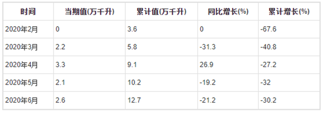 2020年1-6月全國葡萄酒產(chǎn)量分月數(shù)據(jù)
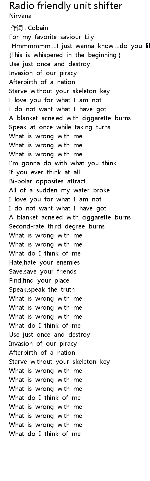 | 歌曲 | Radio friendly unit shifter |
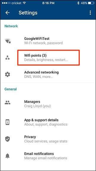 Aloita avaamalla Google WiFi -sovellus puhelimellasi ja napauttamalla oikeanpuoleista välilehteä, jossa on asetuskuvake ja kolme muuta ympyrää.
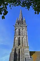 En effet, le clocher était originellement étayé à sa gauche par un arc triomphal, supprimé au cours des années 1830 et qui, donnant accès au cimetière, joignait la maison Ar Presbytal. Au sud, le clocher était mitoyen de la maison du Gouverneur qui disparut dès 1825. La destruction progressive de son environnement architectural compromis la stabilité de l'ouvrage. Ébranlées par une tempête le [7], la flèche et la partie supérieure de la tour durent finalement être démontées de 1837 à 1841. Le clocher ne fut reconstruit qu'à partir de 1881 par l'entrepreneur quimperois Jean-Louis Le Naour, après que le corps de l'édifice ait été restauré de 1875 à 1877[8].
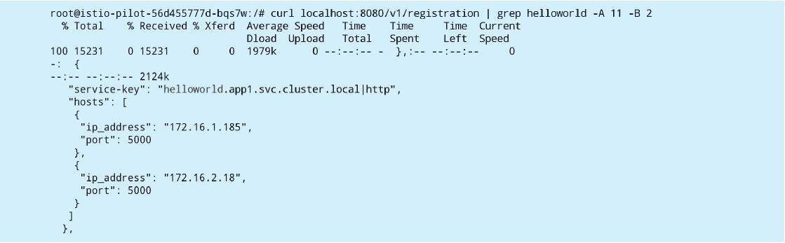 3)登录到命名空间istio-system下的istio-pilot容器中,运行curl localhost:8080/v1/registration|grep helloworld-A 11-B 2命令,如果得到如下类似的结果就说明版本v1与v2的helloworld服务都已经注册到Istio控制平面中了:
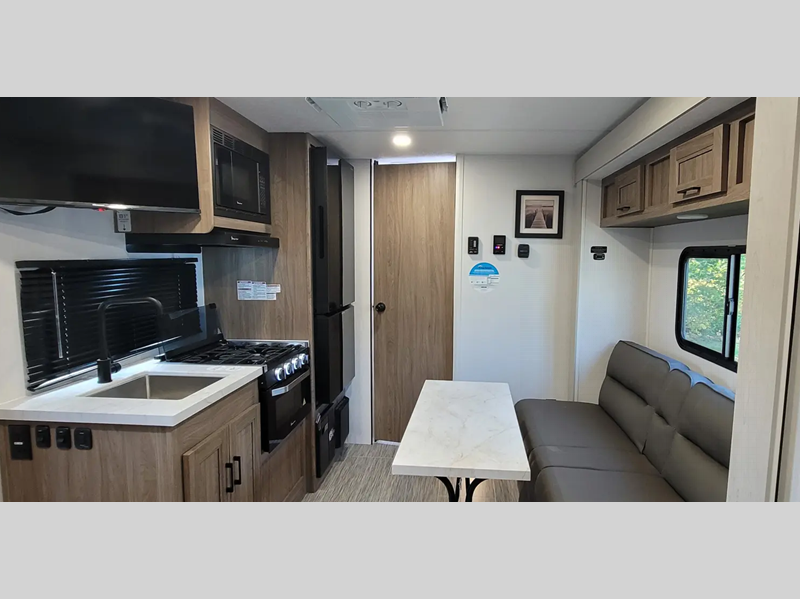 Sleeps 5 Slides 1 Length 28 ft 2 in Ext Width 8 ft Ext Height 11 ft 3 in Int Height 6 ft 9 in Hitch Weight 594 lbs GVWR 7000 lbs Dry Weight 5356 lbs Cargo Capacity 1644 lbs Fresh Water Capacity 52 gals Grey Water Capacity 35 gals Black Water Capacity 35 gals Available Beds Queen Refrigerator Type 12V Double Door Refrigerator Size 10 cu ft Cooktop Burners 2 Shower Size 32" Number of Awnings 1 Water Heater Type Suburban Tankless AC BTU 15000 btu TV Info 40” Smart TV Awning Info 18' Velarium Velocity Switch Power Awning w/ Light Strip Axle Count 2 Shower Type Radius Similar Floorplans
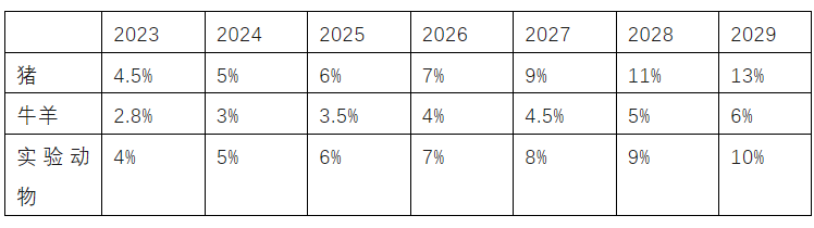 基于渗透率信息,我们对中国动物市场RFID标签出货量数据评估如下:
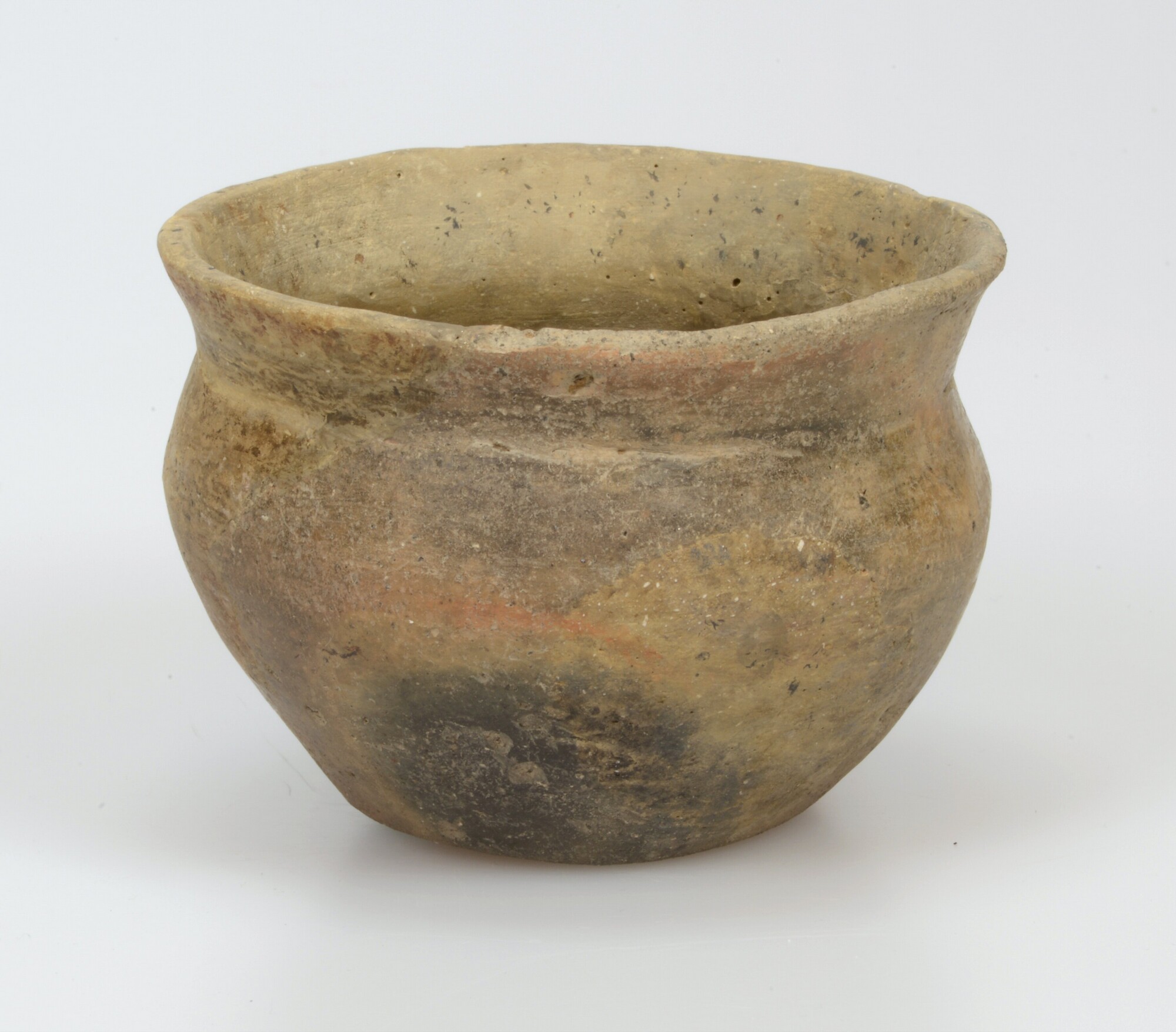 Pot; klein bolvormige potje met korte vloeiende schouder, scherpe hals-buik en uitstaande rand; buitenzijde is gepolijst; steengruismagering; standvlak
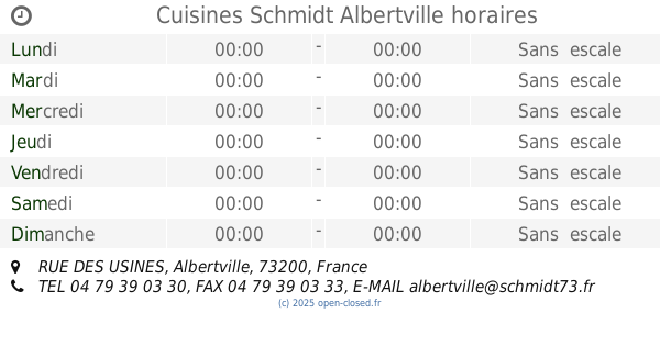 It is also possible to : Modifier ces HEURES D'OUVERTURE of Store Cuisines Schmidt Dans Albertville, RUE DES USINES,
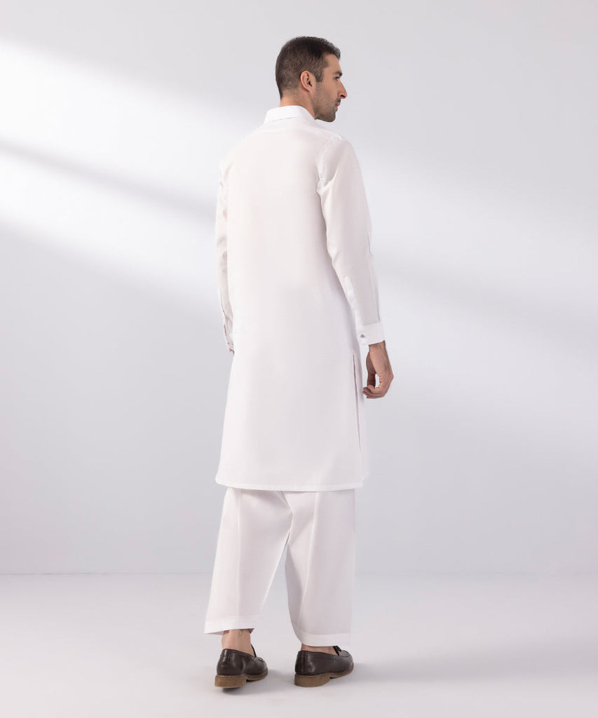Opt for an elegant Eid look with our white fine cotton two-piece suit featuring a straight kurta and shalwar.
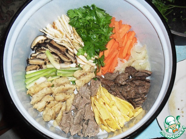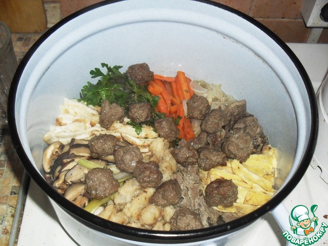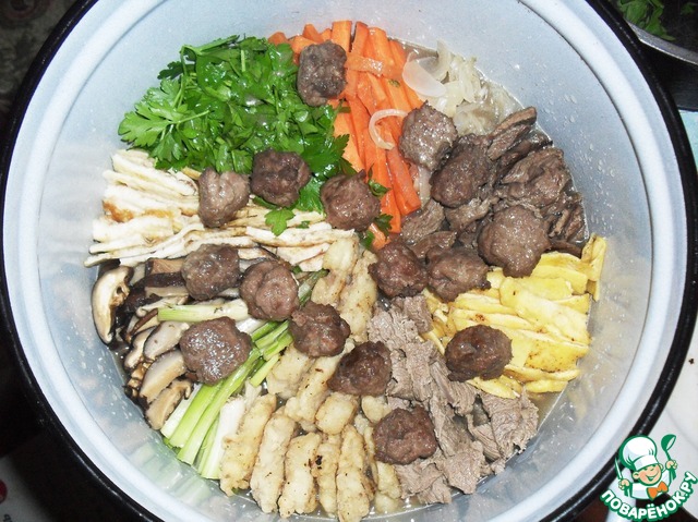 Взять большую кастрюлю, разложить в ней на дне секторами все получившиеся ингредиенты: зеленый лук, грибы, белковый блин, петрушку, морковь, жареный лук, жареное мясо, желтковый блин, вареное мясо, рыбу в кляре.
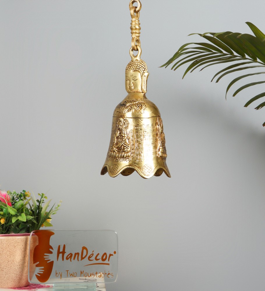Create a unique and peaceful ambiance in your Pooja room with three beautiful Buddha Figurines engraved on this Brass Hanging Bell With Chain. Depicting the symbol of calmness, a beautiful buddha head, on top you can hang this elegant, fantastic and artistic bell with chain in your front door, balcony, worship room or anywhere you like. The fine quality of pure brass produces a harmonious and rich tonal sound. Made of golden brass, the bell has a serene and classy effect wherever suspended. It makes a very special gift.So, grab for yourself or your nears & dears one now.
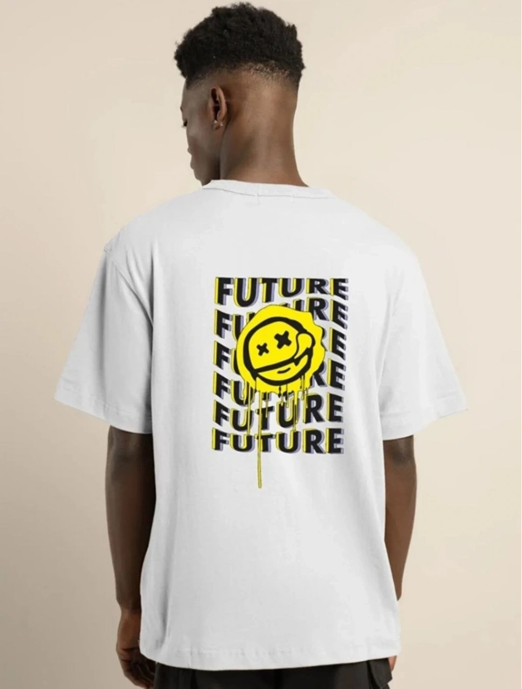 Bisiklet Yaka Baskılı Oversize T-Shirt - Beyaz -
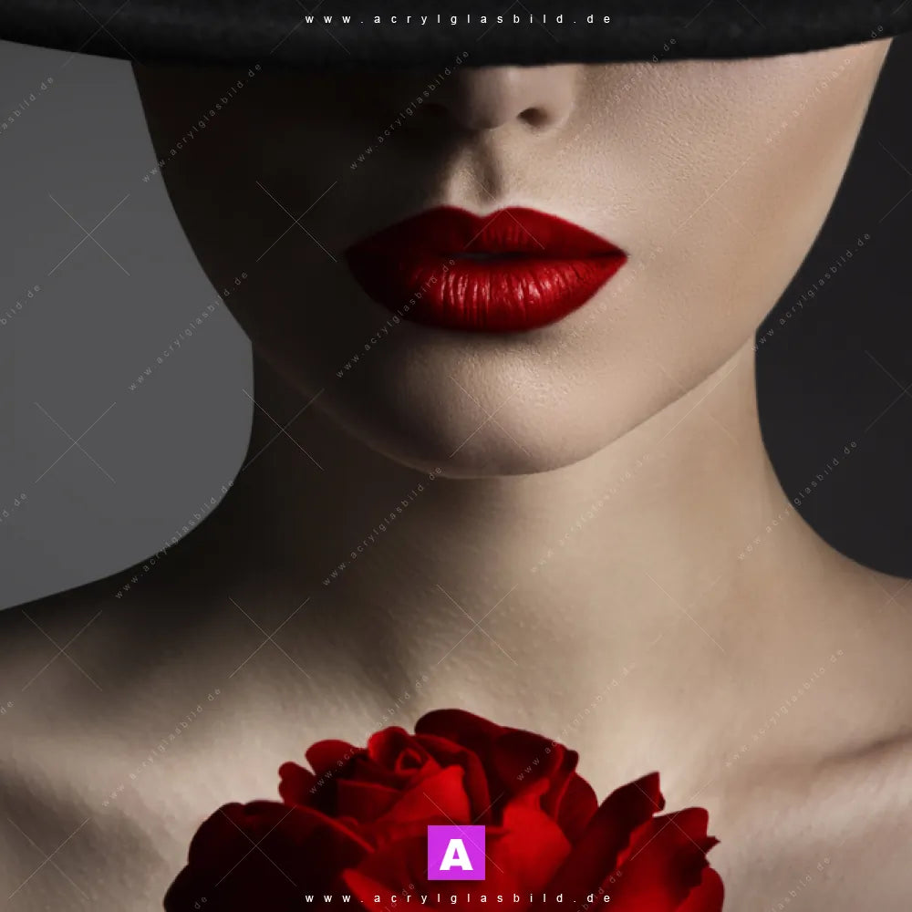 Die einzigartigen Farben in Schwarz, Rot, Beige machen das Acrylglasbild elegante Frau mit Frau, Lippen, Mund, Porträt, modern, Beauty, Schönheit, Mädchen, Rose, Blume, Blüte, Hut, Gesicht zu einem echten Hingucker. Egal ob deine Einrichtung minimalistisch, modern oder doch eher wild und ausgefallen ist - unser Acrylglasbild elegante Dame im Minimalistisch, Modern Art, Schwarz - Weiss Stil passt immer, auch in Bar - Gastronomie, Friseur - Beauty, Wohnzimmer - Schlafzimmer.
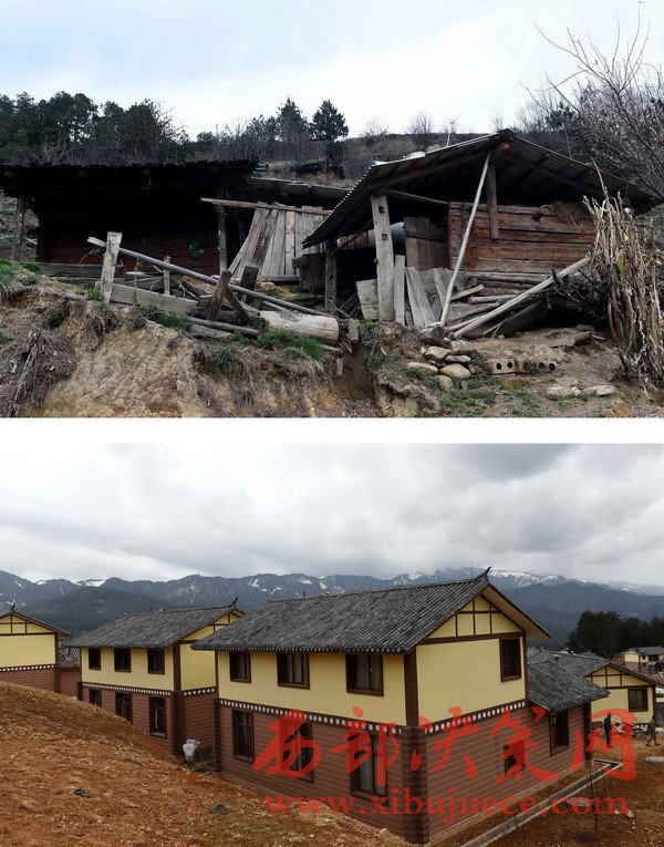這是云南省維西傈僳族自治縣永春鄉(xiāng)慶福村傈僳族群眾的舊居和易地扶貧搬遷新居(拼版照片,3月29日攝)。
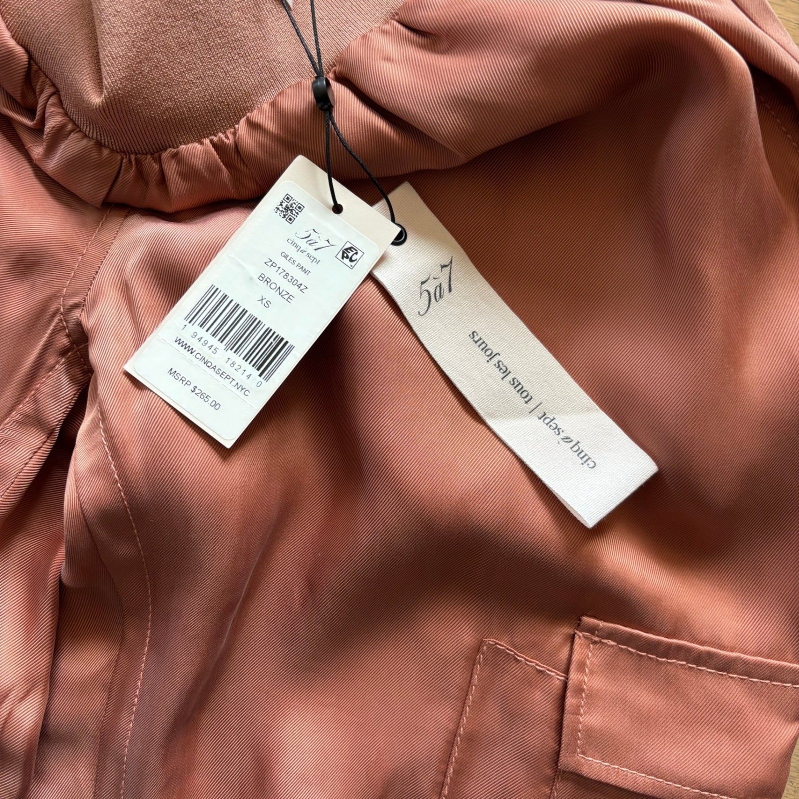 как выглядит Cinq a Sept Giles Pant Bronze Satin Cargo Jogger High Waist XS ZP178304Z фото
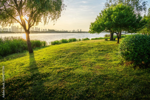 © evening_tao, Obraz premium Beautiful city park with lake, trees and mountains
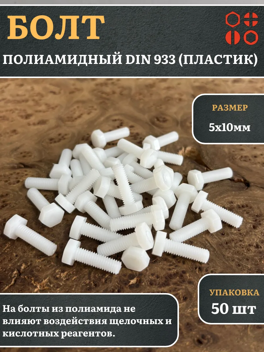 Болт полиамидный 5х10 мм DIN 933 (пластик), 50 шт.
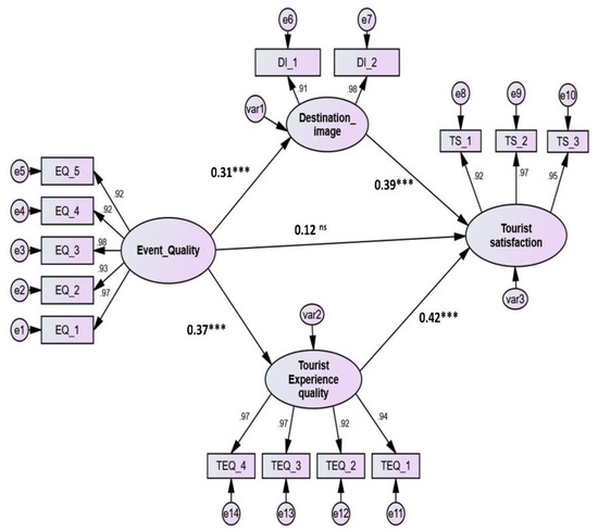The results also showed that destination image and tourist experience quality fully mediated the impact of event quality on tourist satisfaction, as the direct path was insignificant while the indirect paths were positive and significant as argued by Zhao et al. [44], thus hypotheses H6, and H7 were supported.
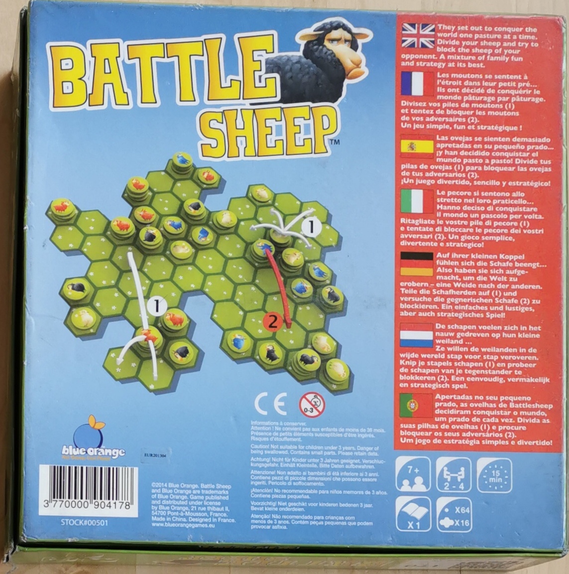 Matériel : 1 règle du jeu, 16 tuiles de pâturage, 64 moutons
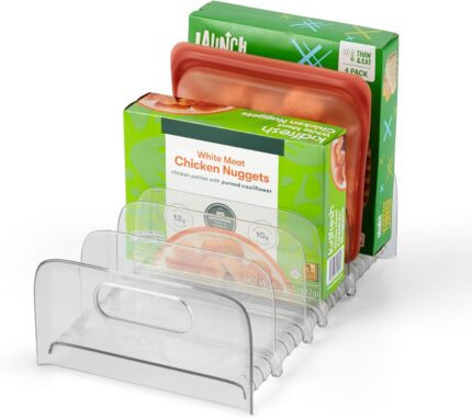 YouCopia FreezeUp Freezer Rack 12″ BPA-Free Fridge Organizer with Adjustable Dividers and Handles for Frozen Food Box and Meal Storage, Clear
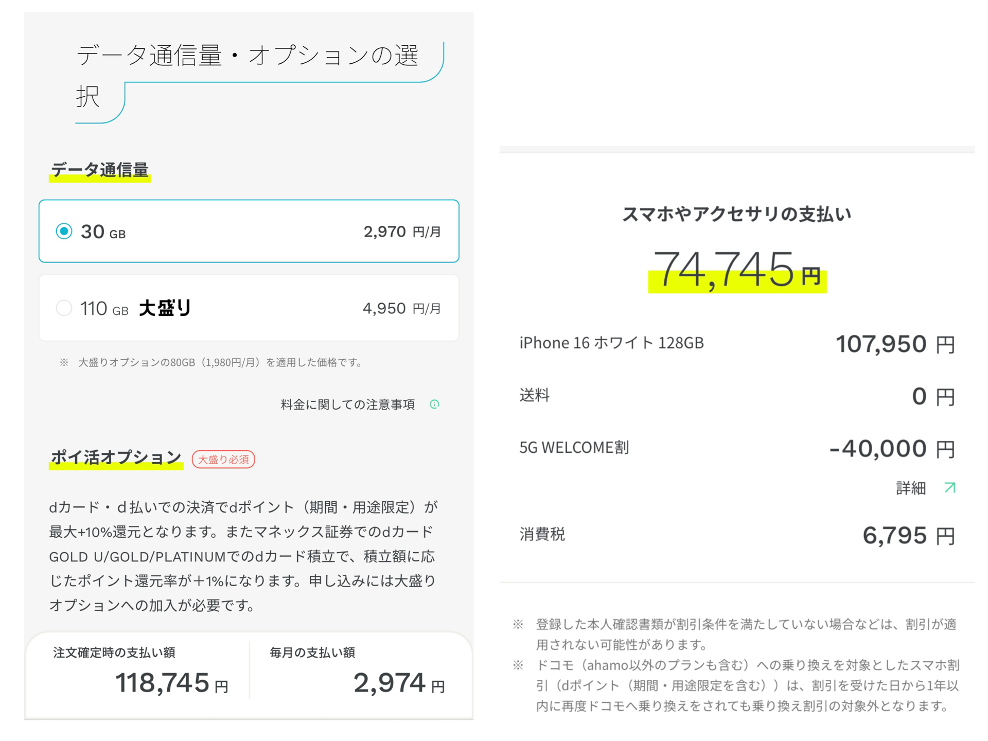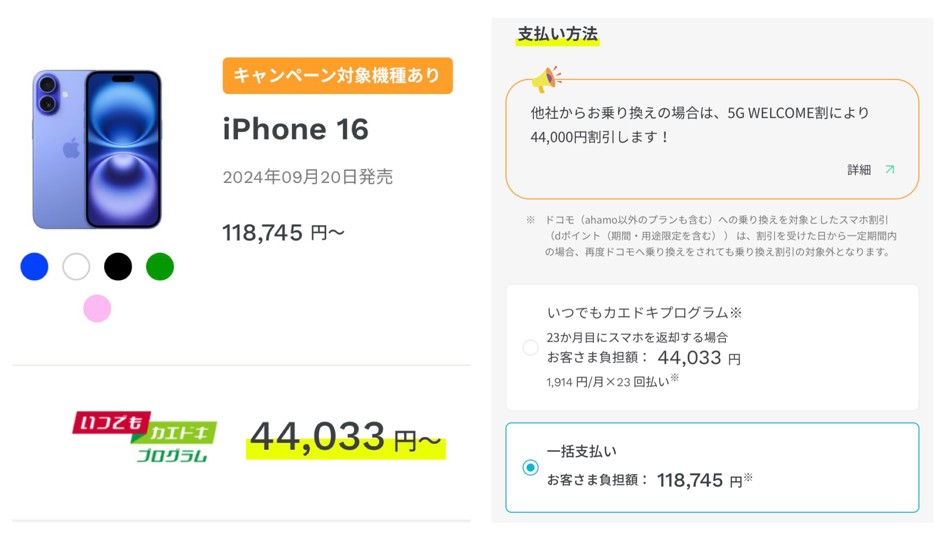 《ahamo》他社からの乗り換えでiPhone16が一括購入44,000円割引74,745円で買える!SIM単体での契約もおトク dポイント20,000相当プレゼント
▬▬▬▬▬▬
_EXERCISE OBJECTIVE_.
Begin at the first line of the listing and print each line exactly. Stop after the line containing "Aloita avaamalla Google", and omit all pictures.

_YOUR SOLUTION_.
 2020年1-6月全國葡萄酒產(chǎn)量分月數(shù)據(jù)
 | 歌曲 | Radio friendly unit shifter |
 Aloita avaamalla Google WiFi -sovellus puhelimellasi ja napauttamalla oikeanpuoleista välilehteä, jossa on asetuskuvake ja kolme muuta ympyrää.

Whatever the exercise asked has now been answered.